Timothy Francis Cullen (February 25, 1944 – December 23, 2024) was an American Democratic politician from Janesville, Wisconsin. He was the Democratic majority leader of the Wisconsin Senate from 1982 to 1987, then served two years as secretary of the Wisconsin Department of Health and Social Services (1987-1988) in the administration of Republican governor Tommy Thompson. Cullen returned to the state Senate from 2011 to 2015, ultimately serving a total of 16 years representing Wisconsin's 15th Senate district.

After leaving public office, Cullen was chair of Common Cause Wisconsin, a nonpartisan good government advocacy organization, from 2016 to 2022. Earlier in his career, he served on the Janesville City Council and the board of the Janesville Public School District, and served as a district liaison on the staff of U.S. representative Les Aspin (WI-01).

==Early life and education==
Tim Cullen was born, raised, and lived most of his life in Janesville, Wisconsin. He graduated from Janesville High School in 1962, and went on to attend the nearby University of Wisconsin–Whitewater (then known as Wisconsin State University–Whitewater), where he earned his bachelor's degree in 1966, majoring in political science. Cullen initially planned to pursue graduate school at the University of Kentucky, then briefly attended Northern Illinois University, but he ultimately returned to Janesville and began working as an agent for the Mutual Benefit Life Insurance Company in 1968.
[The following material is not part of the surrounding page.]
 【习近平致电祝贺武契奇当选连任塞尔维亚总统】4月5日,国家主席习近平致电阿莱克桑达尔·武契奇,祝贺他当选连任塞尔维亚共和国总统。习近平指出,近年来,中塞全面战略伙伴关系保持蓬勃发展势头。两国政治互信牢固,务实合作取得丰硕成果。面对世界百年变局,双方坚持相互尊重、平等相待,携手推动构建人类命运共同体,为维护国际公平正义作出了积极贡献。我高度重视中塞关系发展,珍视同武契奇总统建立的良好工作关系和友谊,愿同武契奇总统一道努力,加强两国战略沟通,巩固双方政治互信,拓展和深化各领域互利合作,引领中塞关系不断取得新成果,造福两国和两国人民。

==Early political career==
Back in Janesville, Cullen began to participate in local politics in the tumultuous year 1968. After noticing "mixed" reaction to the assassination of Martin Luther King Jr., Cullen took it upon himself to organize his neighbors to collect donations and purchased a half-page ad in the Janesville Gazette memorializing King and expressing the community's grief.

In January 1969, Cullen, then 25, announced a run for Janesville City Council. Janesville city councilmembers are elected at-large, from an open field of candidates. In the 1969 election, four seats on the city council were up, voters therefore could vote for any four of the nine candidates running. The field included three incumbents seeking re-election, who secured three of the four seats. The fourth seat was won by attorney Robert Lovejoy who was making his second attempt at election; Cullen posted a surprisingly strong fifth place finish, however, falling just 58 votes short of the incumbent Edward Grumich.
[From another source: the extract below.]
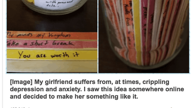 The comments are full of people who are either in a relationship with someone who suffers from depression and anxiety, or have the illnesses themselves. Many want to recreate the jar for their own loved one, hoping it might give them a little support when they can’t be there. And plenty say this kind of gift would be much-appreciated from a loved one.
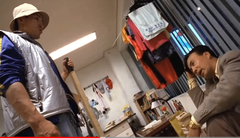 → 운 좋게 한명은 도망칩니다. 그길로 달려가 동네 양아치 용가리(유해진) 패거리에게 도움을 요청합니다. 이어 용가리보다 높은 조폭 김만배(김학철)에게도 이릅니다.

Later that year, Cullen began teaching social studies at George S. Parker High School in Janesville. The following January, Cullen announced another run for City Council. This time eight candidates ran for three seats, with one incumbent seeking re-election. In the April 1970 election, Cullen topped the field, receiving 5,772 votes and securing one of the three City Council seats.

Cullen served less than a year on the City Council; he resigned his seat in early 1971 to accept a job on the staff of newly elected U.S. representative Les Aspin (D-Racine). Cullen served Aspin in a role now usually referred to as "district director"—at the time, Aspin called the role his district "ombudsman". Cullen was tasked with visiting the various parts of the 1st congressional district and handling constituent service requests. Aspin referred to Cullen's work as one of the most important tasks of his office. After initially planning to spend one day each week working in Kenosha, Racine, Beloit, Elkhorn, and his home Janesville, the program quickly expanded to visiting many additional smaller communities around the district.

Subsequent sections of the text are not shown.